Given the entries below, would you transcribe exactly the lines starting at the one with "Mes 2 petits" and ending at the one with "Afmetingen rijwiel: basisplaat", both kept, pictures omitted, nothing extra?
- - -
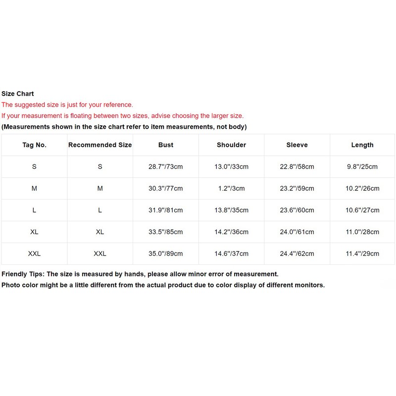 | Tag No. | Recommended Size | Bust | Shoulder | Sleeve | Length |
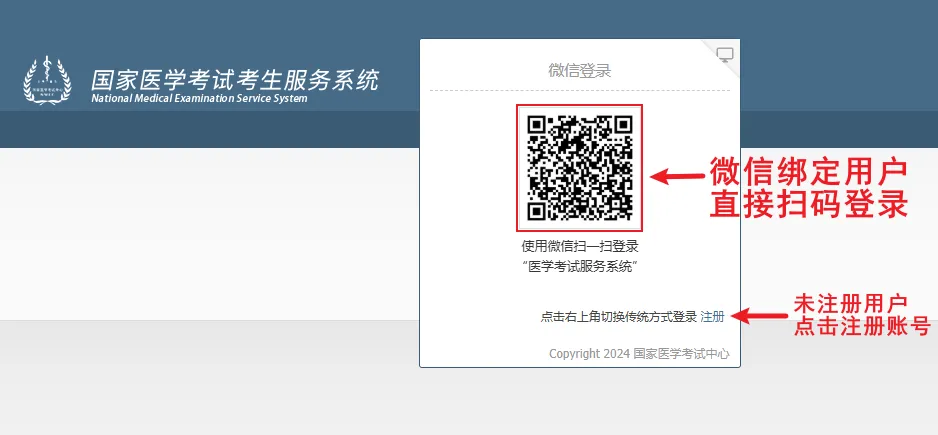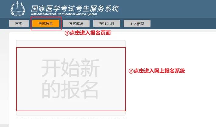 ② 需首先在国家医学考试考生服务系统上完成账户注册,注册成功后,即可进行考试报名。请牢记注册时的用户名和密码。
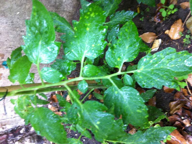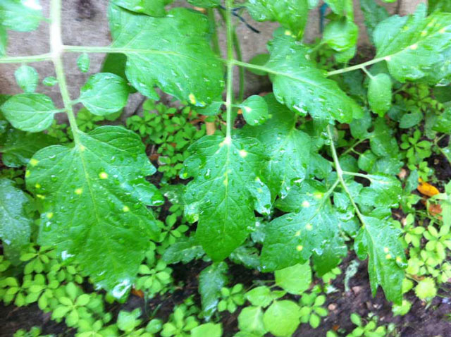 Mes 2 petits potagers poussent bien, mais là depuis quelques jours les 12 plantes de la nouvelle plantation ont développés des tâches ronds jaunes sur les feuilles, (voir les photos). A part ceci, elles ont l'air de pousser bien (les fleurs jaunes arrivent et les fruits commencent à former.
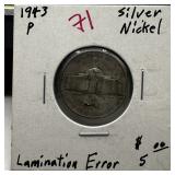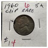 1960 CLIPPED PLANCHET JEFFERSON NICKEL |
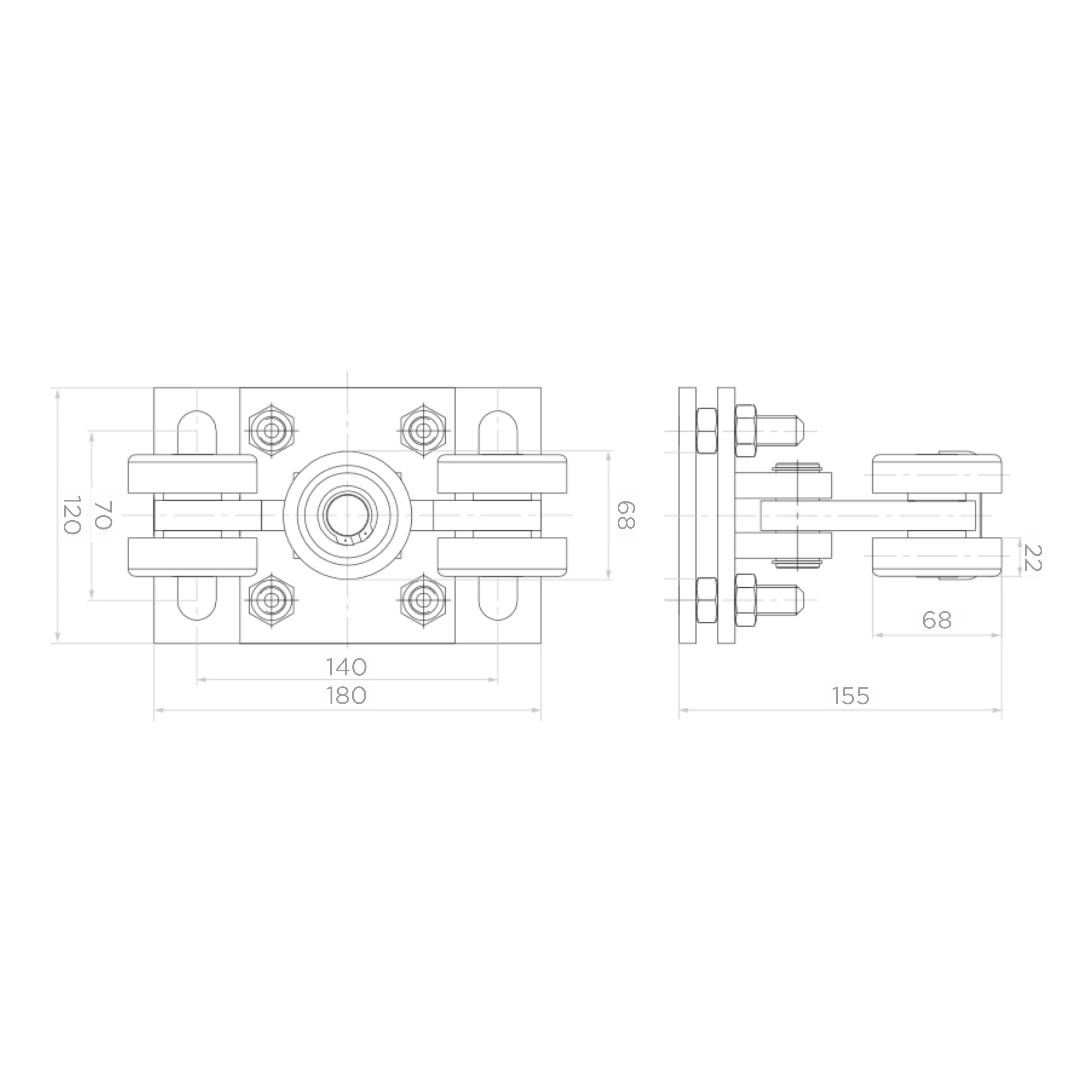 Afmetingen rijwiel: basisplaat 180×120 mm, bevestigingsafstand 140×70 mm, totale hoogte 155 mm, breedte rollen 68 mm.
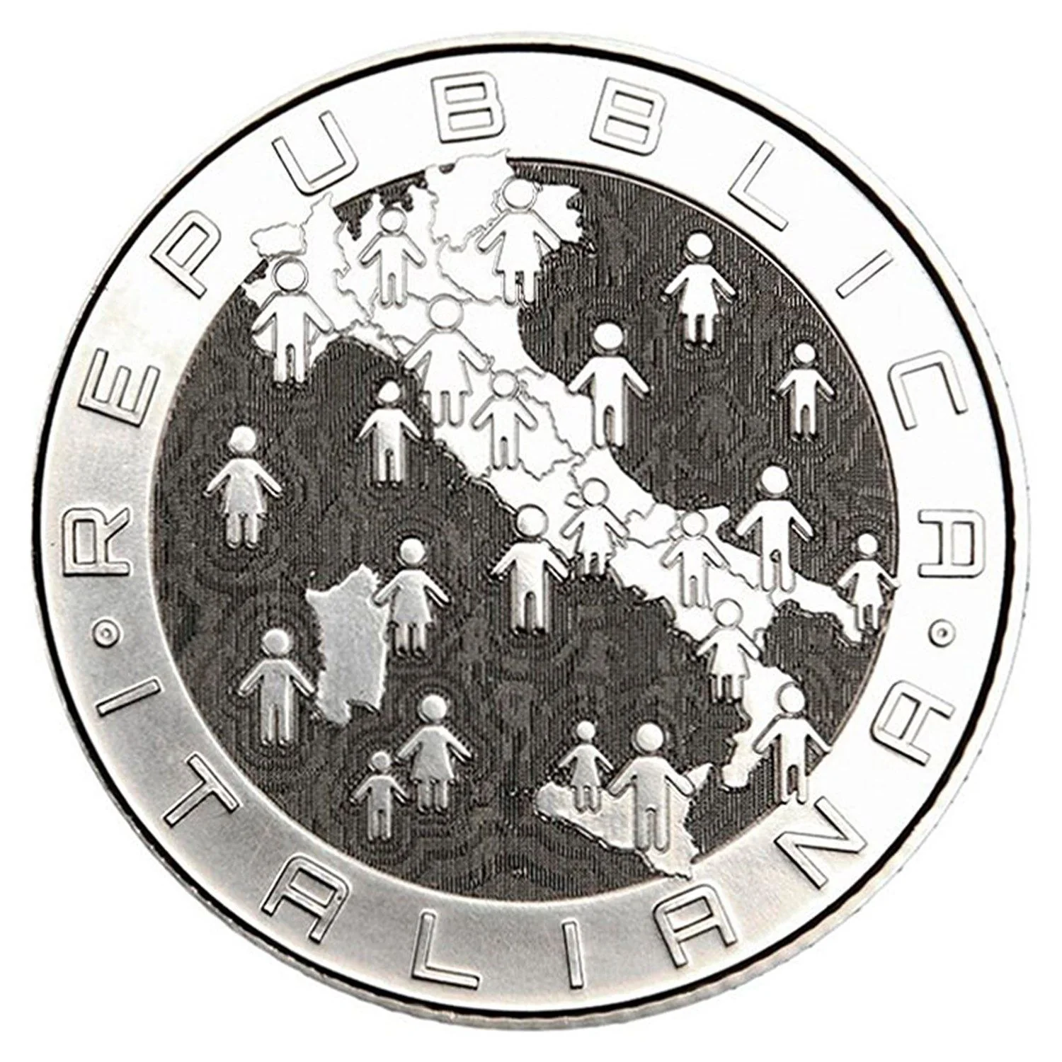 Italy’s demographic growth shown via latent-image male/female pictograms. Surrounded by “REPUBBLICA ITALIANA”.
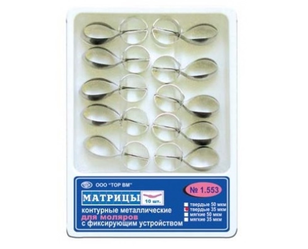 Матрицы металлические, контурные, для моляров форма 3 "ТОР ВM"1.553 Матрицы металлические, контурные, с фиксирующим устройством, для моляров (форма 3), ТОР ВМ (Россия)
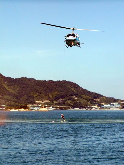 遊びとともに、海上保安庁の海難救助の訓練を見学しました。
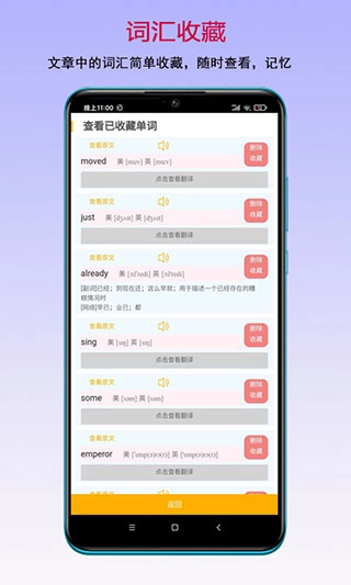 读书宝能让你在阅读时随时收藏碰到的单词,还能借助记录的单词来回顾文章。
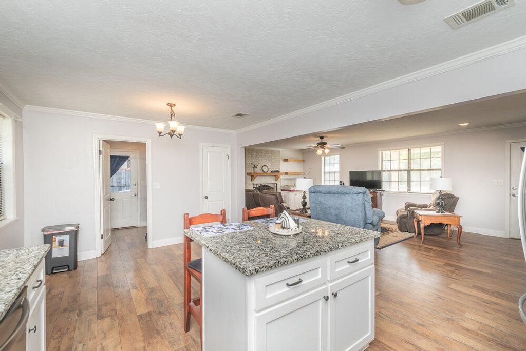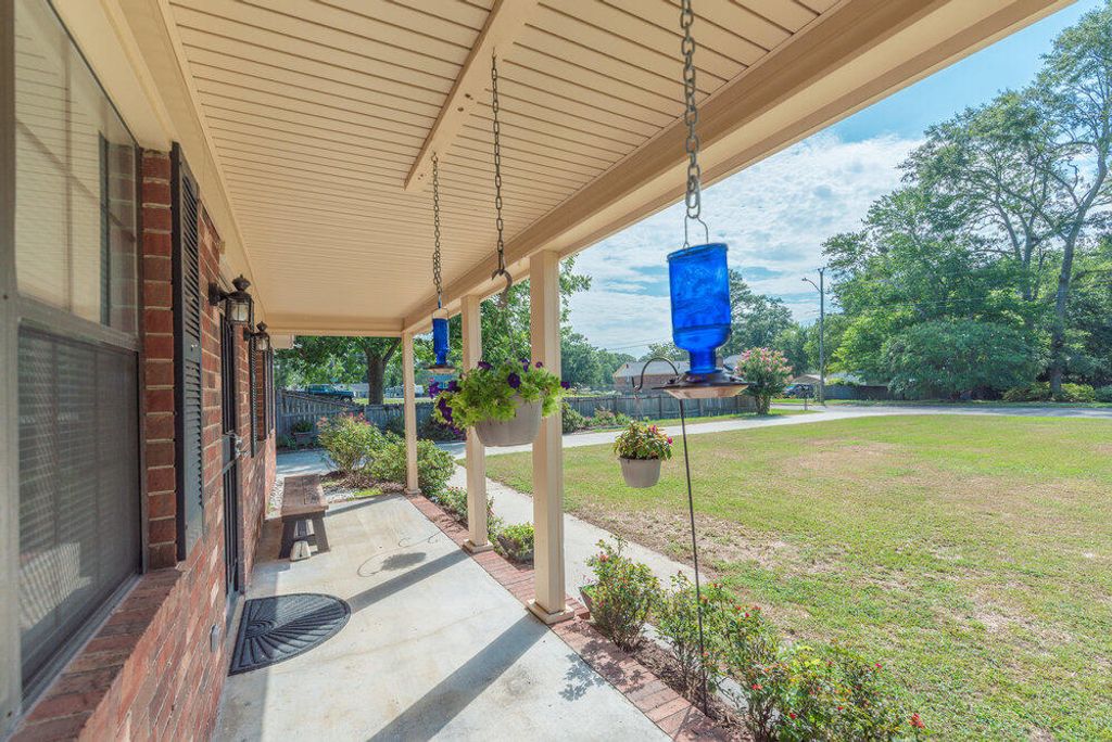 NICE BRICK RANCH HOME, UPDATED AND MOVE IN READY! This home has everything you need. Rocking chair front porch, large great room with white washed brick wood burning fireplace, with built in cabinets and shelving on both sides. Open kitchen with stainless steel appliances, island with seating for 2, custom cabinets, granite countertops, breakfast room. Laundry room with storage, and cabinets. Owner's bathroom has walk-in shower with safety bars, new toilet, granite counter tops. All bedrooms are carpet and have large closets with shelves. Hall bathroom with tub, granite counter tops. Beautiful back yard, privacy fenced, 3 storage building, back patio for entertaining. Enter home through the front porch or the Laundry room and all doors have steel storm doors. Close to shopping, Fort Gordon, restaurants and more.
- - -
__EXERCISE ANSWER__
 Mes 2 petits potagers poussent bien, mais là depuis quelques jours les 12 plantes de la nouvelle plantation ont développés des tâches ronds jaunes sur les feuilles, (voir les photos). A part ceci, elles ont l'air de pousser bien (les fleurs jaunes arrivent et les fruits commencent à former.
 1960 CLIPPED PLANCHET JEFFERSON NICKEL |
 Afmetingen rijwiel: basisplaat 180×120 mm, bevestigingsafstand 140×70 mm, totale hoogte 155 mm, breedte rollen 68 mm.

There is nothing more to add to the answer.